I do not know what the solution is apart from government buying in the appropriate project management or ensuring that it has better project management. There is no logical reason why a company that is building a hospital under the PFI model should treat the project differently from how it treats a hospital that it is building under the public procurement model. Something goes wrong, which I suspect is to do not with procurement but with the attitude of contractors to the people who commission them.

Dave Watson:

The figure that Elaine Murray cites was highly disputed. It was produced by a firm of consultants that had—to say the least—a strong bias in favour of PFI.

I agree that there is "nothing magical" about PFI in terms of asset management. In terms of global government spending, Elaine Murray is correct that PFI has not been the only show in town. However, for many public authorities that have been considering purchase of certain buildings—schools, in particular—it has been the only show in town: they were clearly told that if they did not use PFI they would not get funding. What is—laughably—in Scotland called "level playing field funding" was allocated only if the authorities went down the PFI route. In England, the funding was called PFI credits, which is a much more accurate description. It is a subsidy. It cannot be said that there was a genuine choice between the conventional model and PFI when public authorities were told that they would not get funding unless they opted for PFI. In that context, it has been the only show in town.

Ken Wimbor:

All the new builds and school refurbishments that were covered by our 2004 survey were PPP/PFI projects. The question is about the standard and quality of project management. It is not inherent in the procurement method, whether that is PPP/PFI or more traditional methods.

Elaine Murray:

The evidence that we have received so far suggests that a range of options is available, of which PPP/PFI is one. It has been suggested that some methods of funding are more appropriate for some types of projects than for others. Why do you want to take out one model? I am not trying to argue that PPP/PFI is superior for all projects because clearly it is not. Some projects are far better funded by more traditional routes of public procurement. Why should PPP/PFI be removed from the public sector?

Dave Watson:

Our plan does not say that PPP/PFI should be removed; rather, it says that a level playing field should be created. We have been there—we have done the design and we have been part of the evaluation. If there was a level playing field, most projects would not touch PFI with a barge pole. There would be no subsidy, a proper value-for-money assessment would be done and the project would end up being done using conventional finance.

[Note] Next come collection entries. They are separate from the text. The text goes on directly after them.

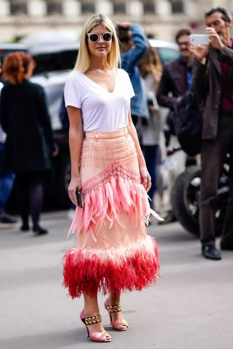 เพิ่มความโดดเด่นแต่ก็ดูเป็นอีกลุคที่สามารถใส่ได้ everyday เพราะเป็นไอเทมที่น้อยแต่มาก ๆ ค่ะ ก็แหมกระโปรงที่เราเลือกมาเนี่ยดูสะดุดตาเก๋เป็นที่สุด ทั้งลูกเล่นขนนก ลายปักดอกไม้ และกระโปรงที่มีพู่ระบายย้อย ๆ แบบ Fringe style นั่นเองจ้าาา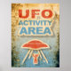 UFO-Aktivitätsbereich Ein lustiges altmodisches Poster mit lustigen UFO-Zitat-Außerirdischen-Attacke-Bereich 51 im Retro-Stil, lustiges Poster, Geek Art.
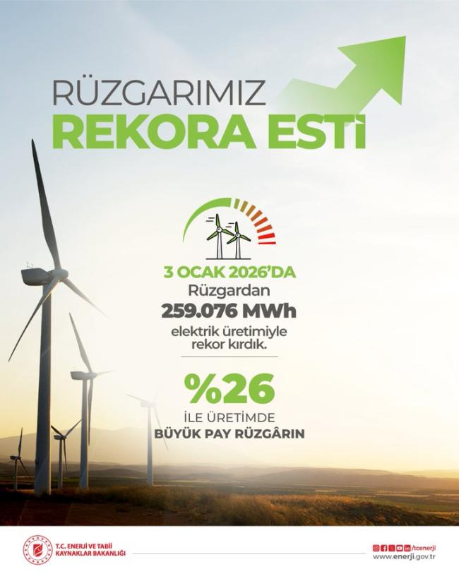 Türkiye, yenilenebilir enerji alanında önemli bir başarıya daha imza attı. T.C. Enerji ve Tabii Kaynaklar Bakanlığı tarafından yapılan açıklamaya göre, rüzgâr enerjisinde 259 bin 76 MWh üretimle tarihî bir zirveye ulaşıldı.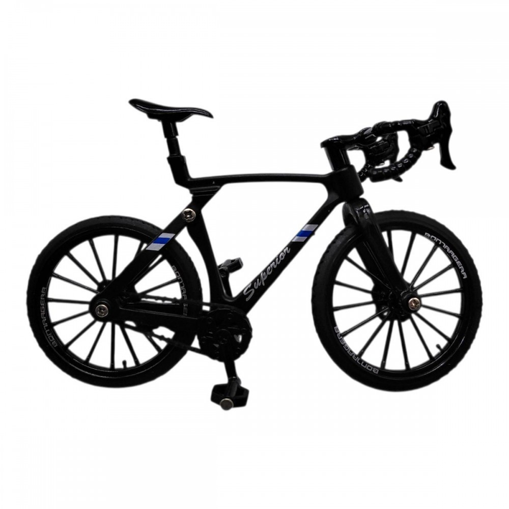 Металевий велосипед у мініатюрі - стильна колекційна модель у чорному кольорі. Деталізоване виконання, компактний розмір та акуратна коробка роблять його чудовим варіантом для подарунка або доповнення до ігрової колекції.

It is argued that some PPP/PFI schemes are better than others, but the list gets whittled down. Originally, PFI was considered fine for everything. We then had bundling, before the Institute for Public Policy Research told us that PPP/PFI should perhaps not be used for the health service. We are now told that maybe it is appropriate only for very large schemes.

I say one word to the committee: Metronet. Your colleagues at Westminster have a clear view on the matter. Big projects that have been done using PPP/PFI have gone very wrong. Big projects are particularly risky ones on which to use PFI, but the industry does not want the little ones. Once we take out the incentive for public authorities to pick PFI over conventional finance, I am not sure what the market will be for PFI.

Jon Ford:

I go along with that. When we compare the traditional procurement route and the PFI route, the costs in the public procurement route are heavily influenced by the factor that is attached for cost and time overruns. Obviously, historical precedent is brought to bear on that rather than what might happen in the future. If we were to improve project management, that would not happen. We could take that out of the equation and create a level playing field.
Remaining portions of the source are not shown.